# Learning Goals
In our [Principled Data Processing](https://www.youtube.com/watch?v=ZSunU9GQdcI) approach, we want to make our data analysis:
- **auditable**
     - the result of every task, where possible, can be tested by a different analyst in a different language
- **reproducible**
     - the same results can be rebuilt by any scientist with the same tools and code
- **transparent**
     - the result of every task is reviewable
- **scalable**
     - the task and results are well-suited for "more than 2" (datasets used, analysists contributing to codebase, reports written, etc.)

There are some specific tools and functions we look for to achieve these characteristics in our code. This notebook is intended to introduce a number of these, provide some context, and stage some examples where possible.

_Note: This notebook is formatted as an overview of many python topics, and is not a good example of principled data analysis using Jupyter notebooks. For tips on how to utilize Jupyter notebooks to write python scripts iteratively and quickly, ask Bailey!_

In [None]:
# dependencies
import argparse
import logging
import numpy as np
import pandas as pd

## Absolute basics
We'll cover a few language-specific pointers here to get up to speed on some python syntax, and then we'll dive in to a few other topics related to principled data processing.

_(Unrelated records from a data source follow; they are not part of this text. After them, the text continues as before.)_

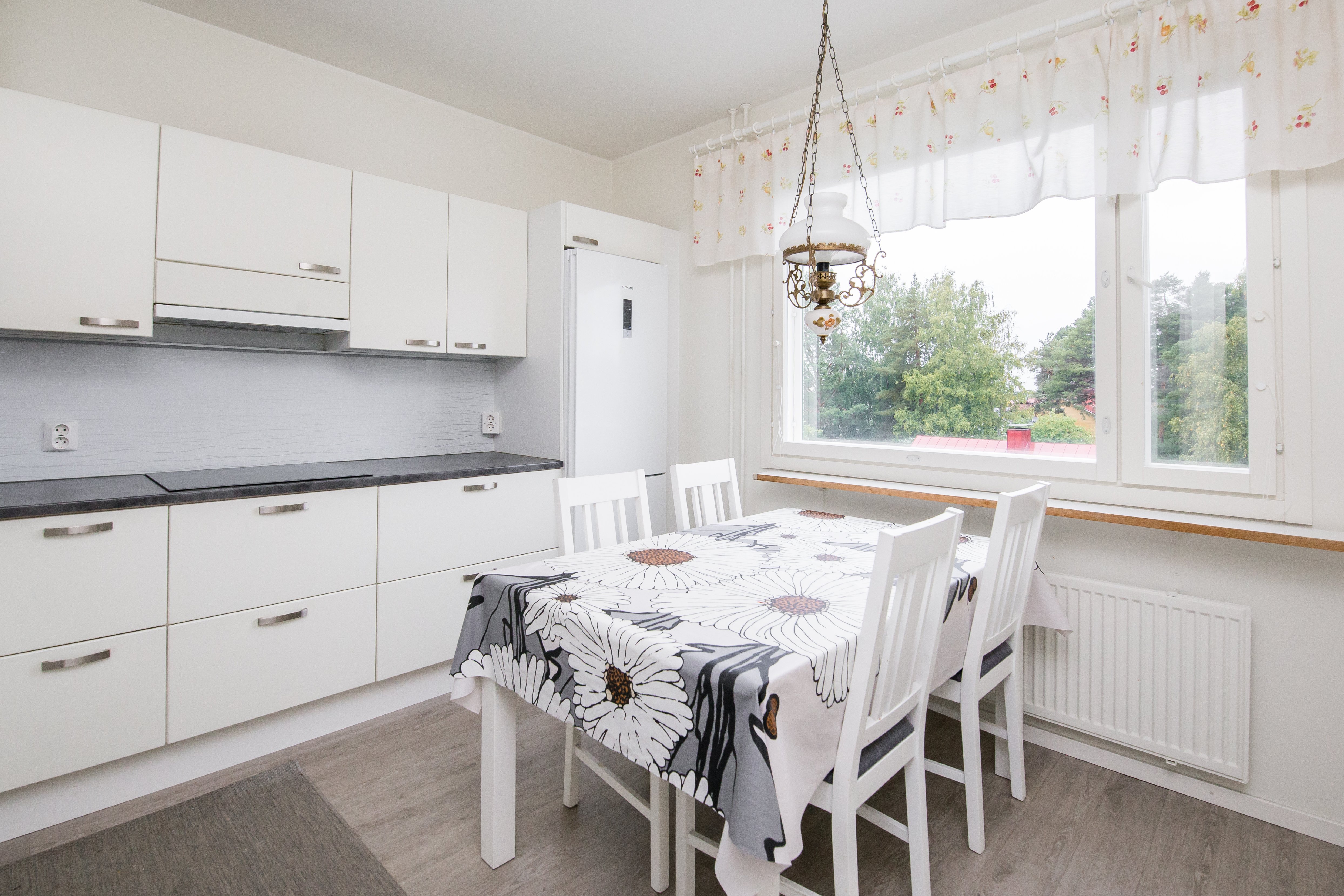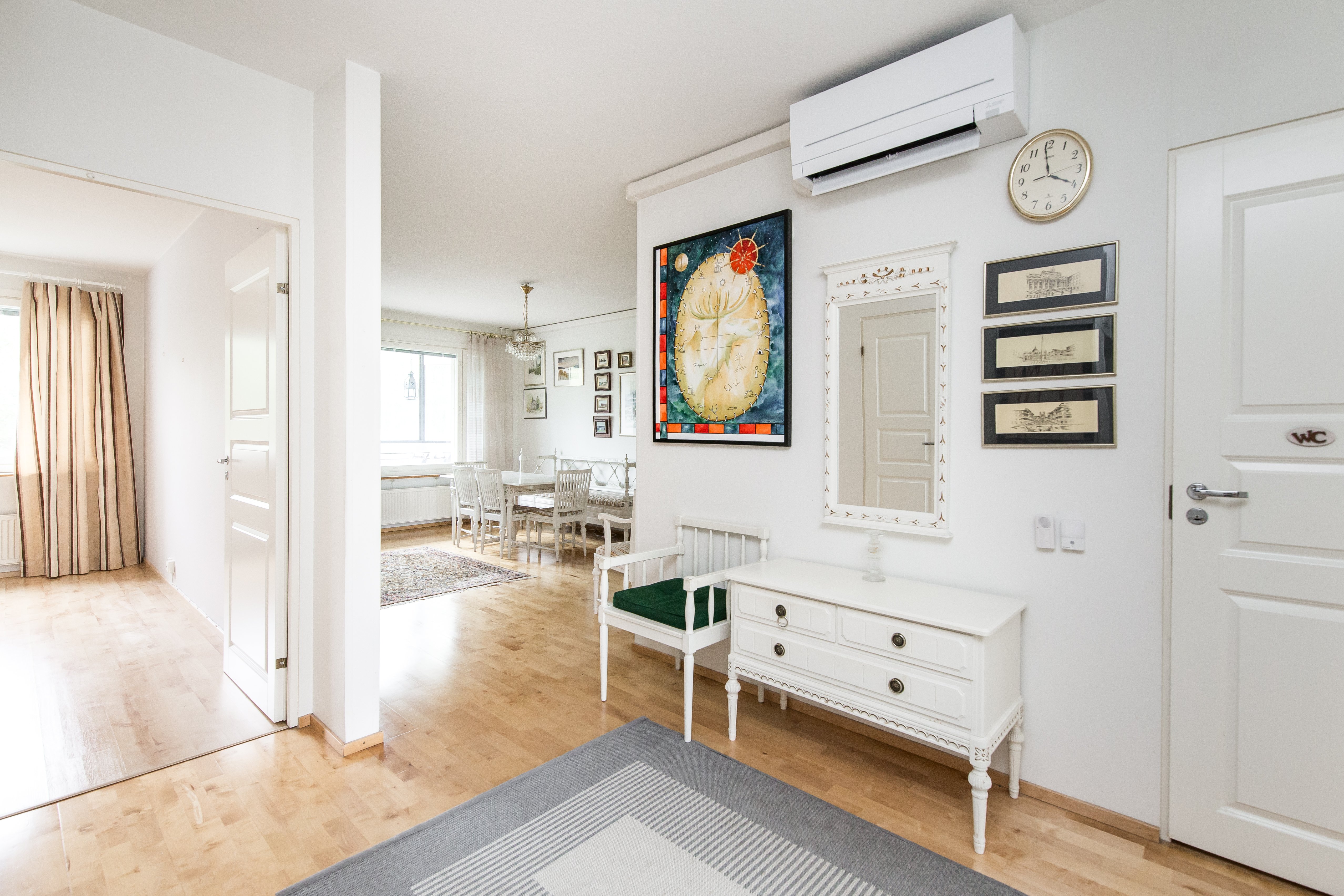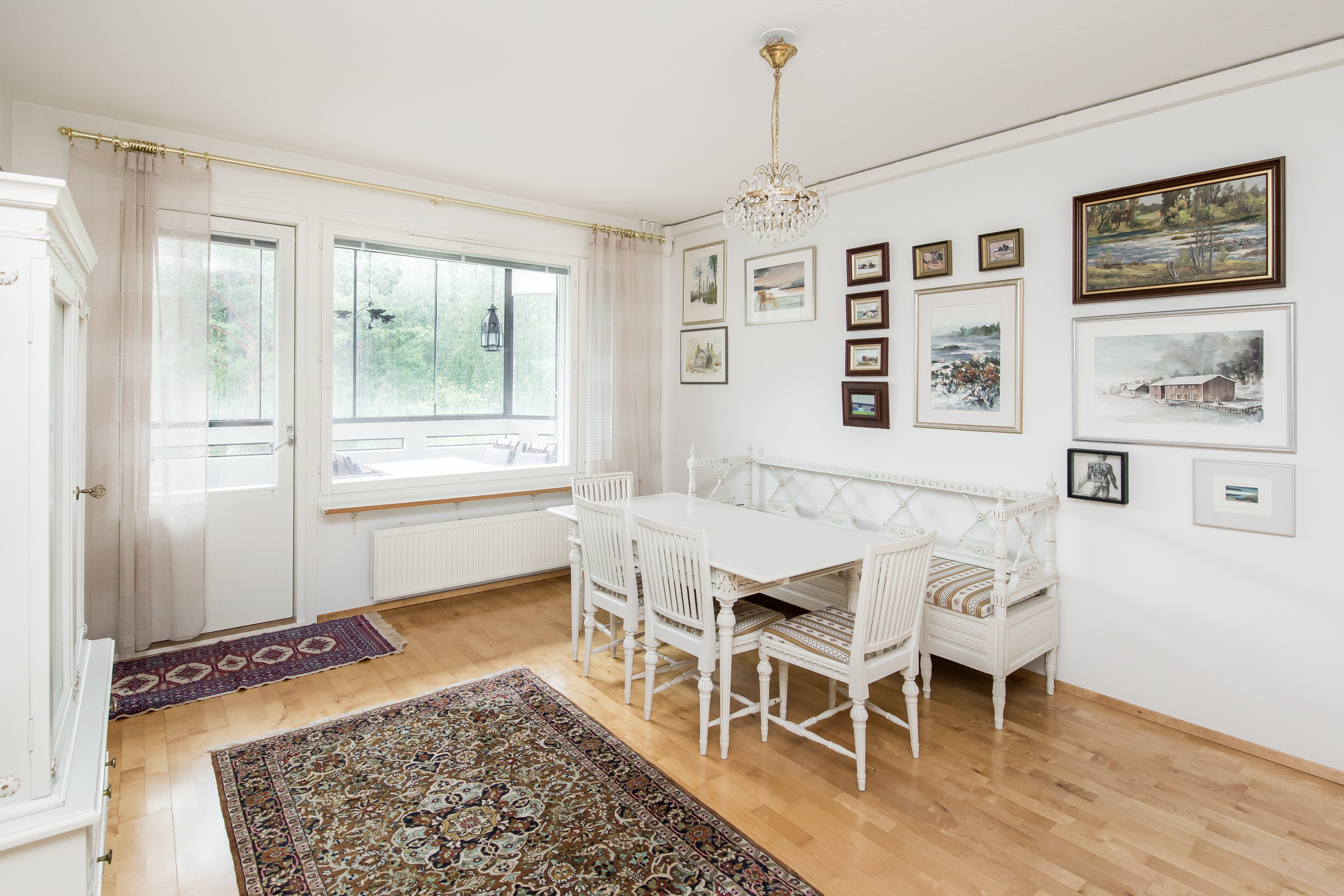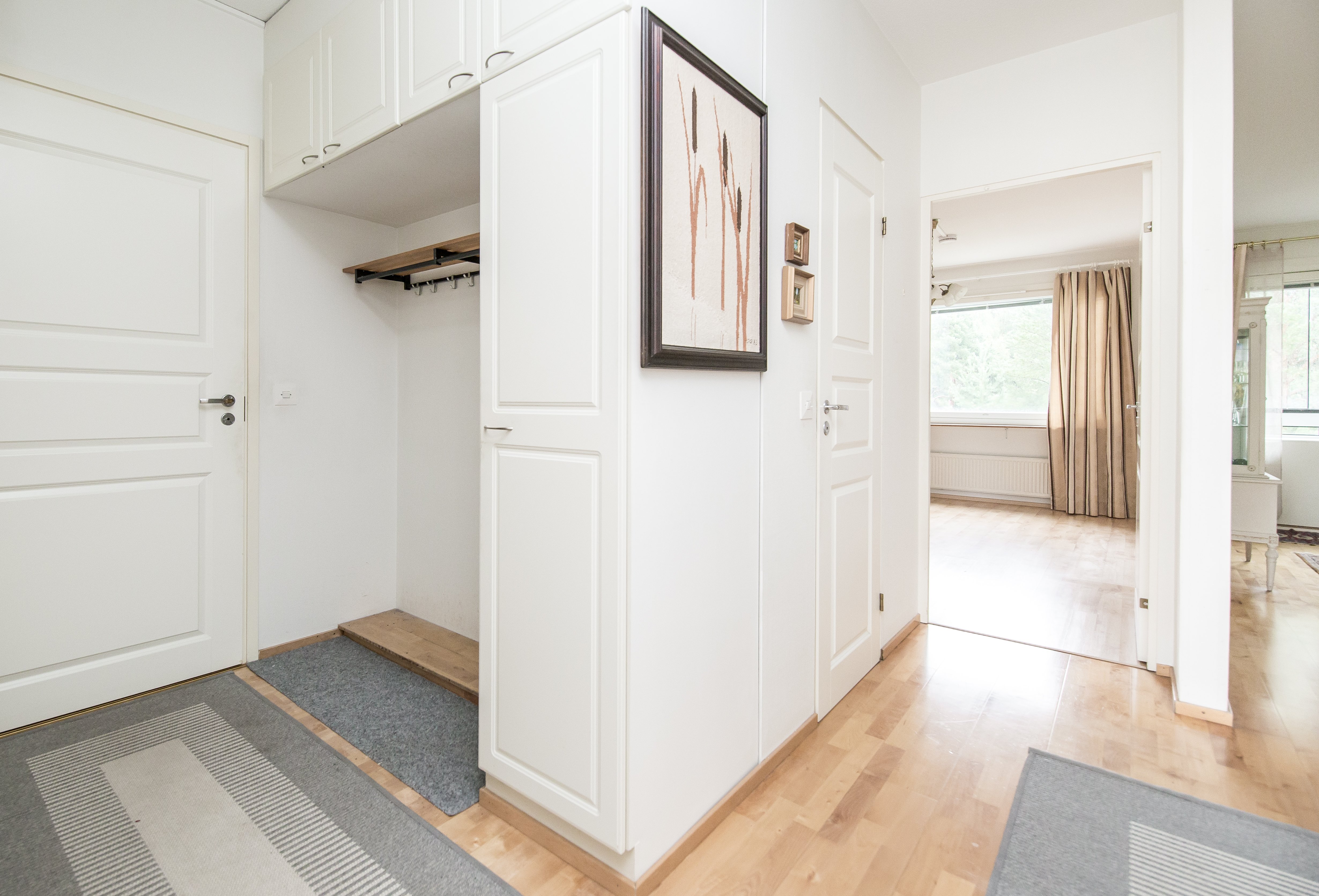 Denna lägenhet som sträcker sig genom hela huset, har en bra och funktionell planlösning och gott om förvaringsutrymmen. Köket är tillräckligt stort, även för ett rymligt matbord och det finns gott om avlastningsytor. Från vardagsrummet kommer man ut till en en egen mysig och solig söderbalkong, där man kan t.ex. grilla och umgås med familj och vänner. Tvättutrymmet är i bra skick. Och där finns även en egen bastu. Bostaden har även en luftvärmepump som ger svalka under de varmaste sommardagarna.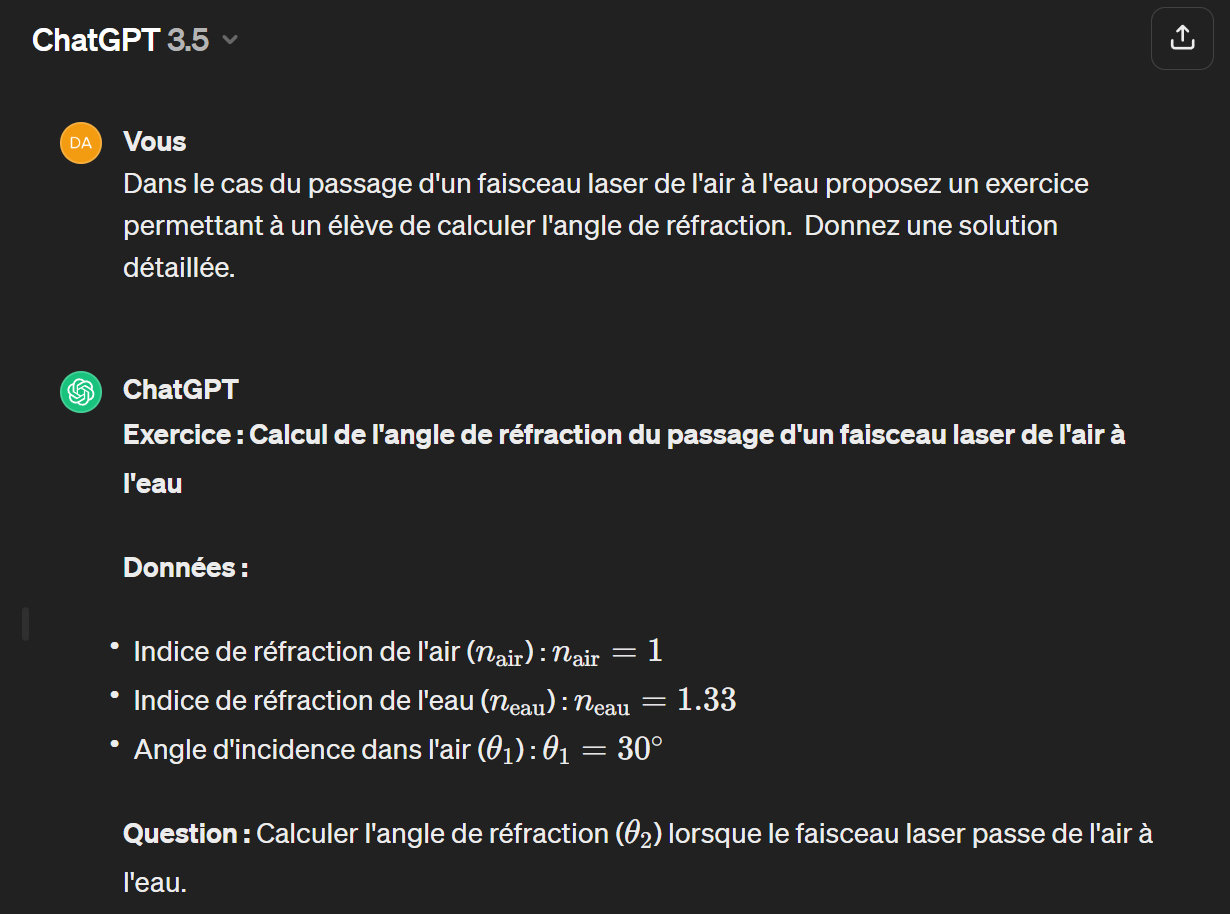 Dans le cas du passage d’un faisceau laser de l’air à l’eau proposez un exercice permettant à un élève de calculer l’angle de réfraction. Donnez une solution détaillée.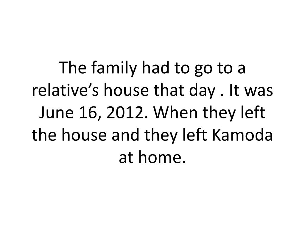 The family had to go to a relative’s house that day . It was June 16, 2012. When they left the house and they left Kamoda at home.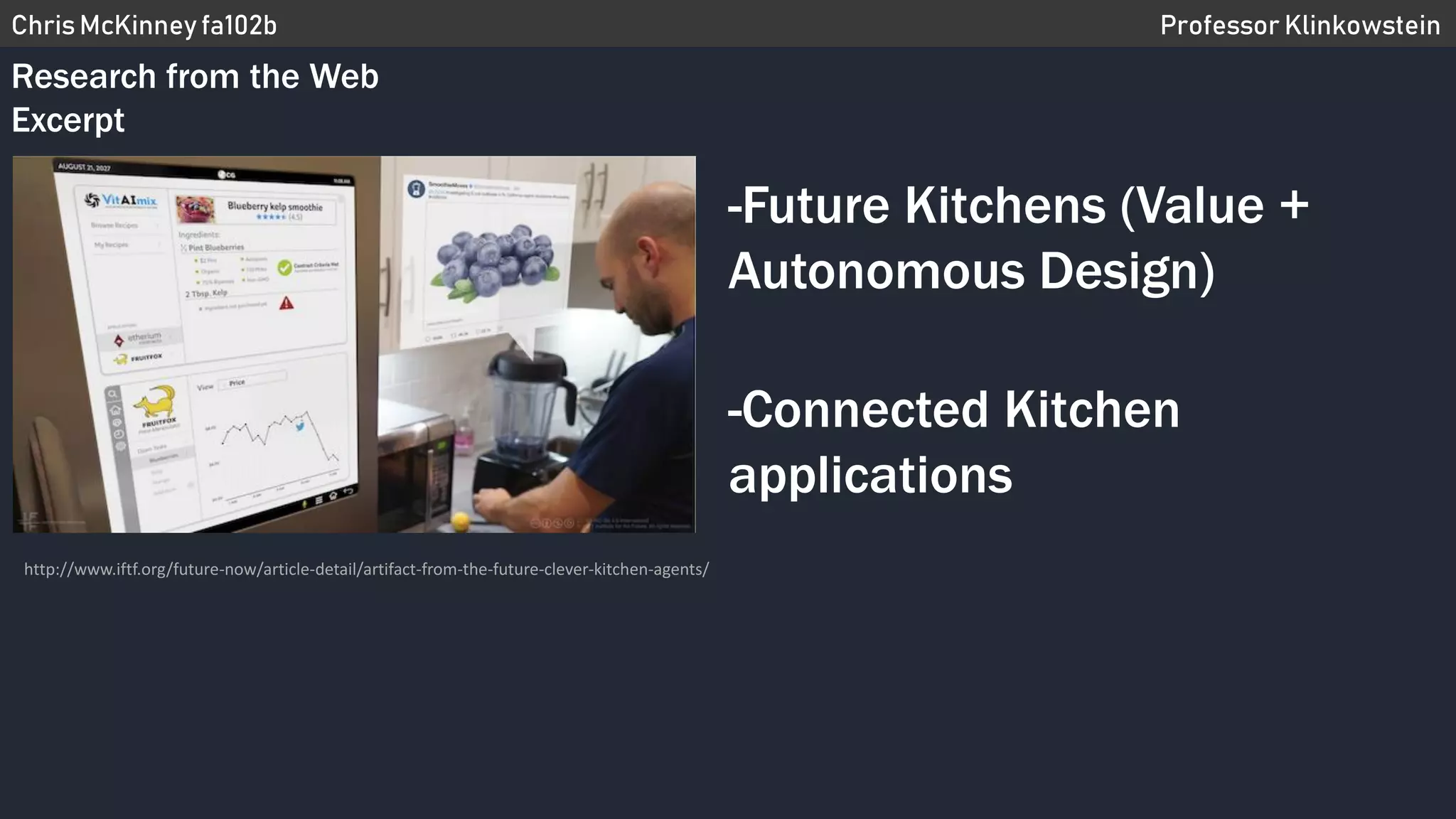 This document discusses future kitchen technologies and connected kitchen applications. It focuses on autonomous kitchen design and "Clever Kitchen Agents" that can assist users. The source is an excerpt from the Institute for the Future discussing how kitchens may evolve to become more intelligent and automated spaces.
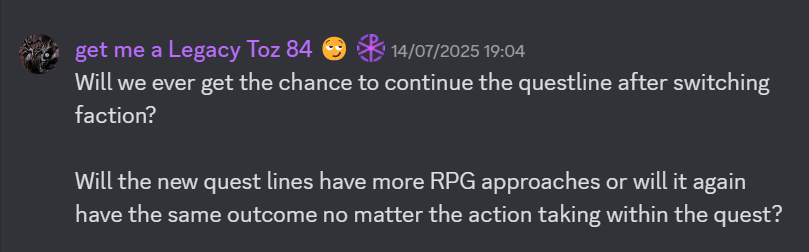 Frozen_Light: That is definitely part of the plan. As soon as the opportunity arises, we will take on such quest lines.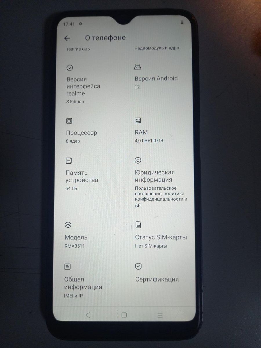 Характеристики Мобільний телефон Realme c35 4/64gb:
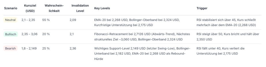 Gesamtbewertung: Kurzfristig neutral bis leicht bärisch aufgrund des Handels unter dem EMA-20 und einer Sequenz tieferer Hochs. Unterstützungen: 2,175 USD (kurzfristig) und 2,149 USD (wichtiger Swing-Low). Widerstände: 2,268 USD (EMA-20) und 2,350 USD (lokales Hoch). Ein nachhaltiger Ausbruch über 2,350 USD mit Bestätigung über dem EMA-20 würde das kurzfristige Sentiment aufhellen; ein Bruch unter 2,149 USD dürfte zu beschleunigter Abwärtsbewegung führen.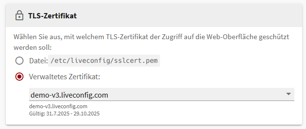 Nach Recherche haben wir festgestellt, dass das Zertifikat für Port 8443 über die Datei /etc/liveconfig/liveconfig.conf gesteuert wird (http_ssl_certificate = /etc/liveconfig/sslcert.pem). Dieses Zertifikat hängt offenbar nicht mit den Zertifikaten zusammen, die im LiveConfig-Backend für die Domains eingerichtet sind.

If you need more information on python syntax and standard libraries, you're encouraged to ask questions, share code examples, and do a bit of googling. Also, check out:
- [Python Data Science Handbook](https://jakevdp.github.io/PythonDataScienceHandbook/)
- [the library of python books](https://wiki.python.org/moin/PythonBooks)
- [python's built-in types](https://docs.python.org/3/library/stdtypes.html#)
- [python's built-in functions](https://docs.python.org/3/library/functions.html)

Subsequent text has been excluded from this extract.